## [Available data]

......

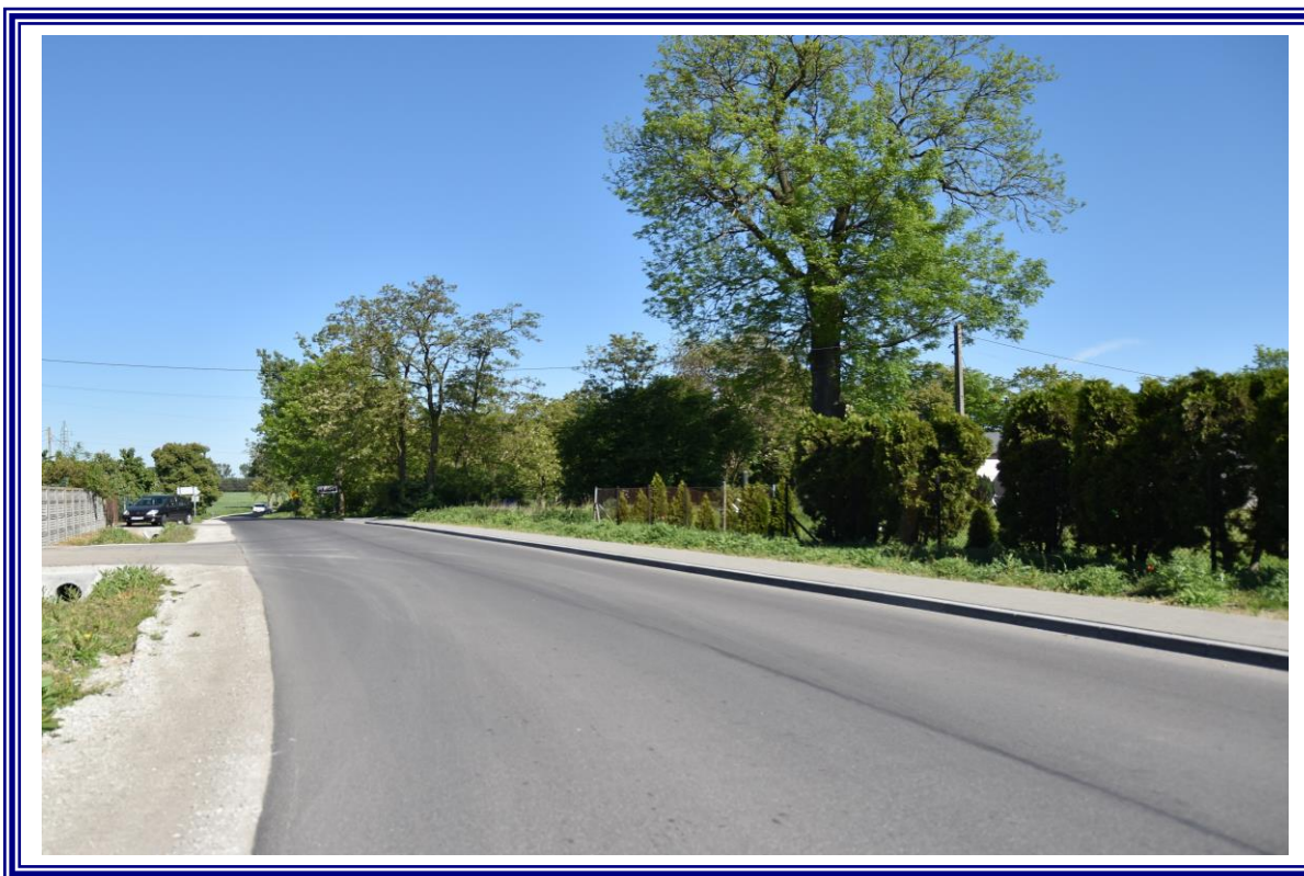
Poprawa infrastruktury drogowej drogi powiatowej nr 2608C Konradowo – Siniarzewo na odcinku od km 0+000 do km 3+100 na terenie powiatu aleksandrowskiego polegająca na remoncie.
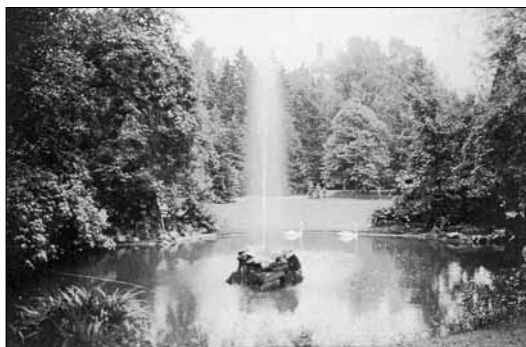
Městský park počátkem 20. století

S mecenášsky založenou rodinou Schmittových se pojí celkový rozkvět města silně poškozeného ničivým požárem roku 1858. R. 1867 byl do města zaveden telegraf, r. 1872 zřízen poštovní úřad. V 70. letech 19. stol. získal Český Dub plynové osvětlení, které bylo v r. 1885 nahrazeno elektrickým. Od r. 1888 má město veřejný vodovod (z pramenů na
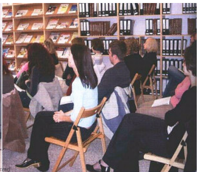
Na zdjęciach: w Centrum Informacji Biznesowej i Europejskiej w Wojewódzkiej Bibliotece Publicznej

......

Pictures do not belong in the copy; repeat the rest of the listing exactly.

## [Final answer]
Poprawa infrastruktury drogowej drogi powiatowej nr 2608C Konradowo – Siniarzewo na odcinku od km 0+000 do km 3+100 na terenie powiatu aleksandrowskiego polegająca na remoncie.
Městský park počátkem 20. století

S mecenášsky založenou rodinou Schmittových se pojí celkový rozkvět města silně poškozeného ničivým požárem roku 1858. R. 1867 byl do města zaveden telegraf, r. 1872 zřízen poštovní úřad. V 70. letech 19. stol. získal Český Dub plynové osvětlení, které bylo v r. 1885 nahrazeno elektrickým. Od r. 1888 má město veřejný vodovod (z pramenů na
Na zdjęciach: w Centrum Informacji Biznesowej i Europejskiej w Wojewódzkiej Bibliotece Publicznej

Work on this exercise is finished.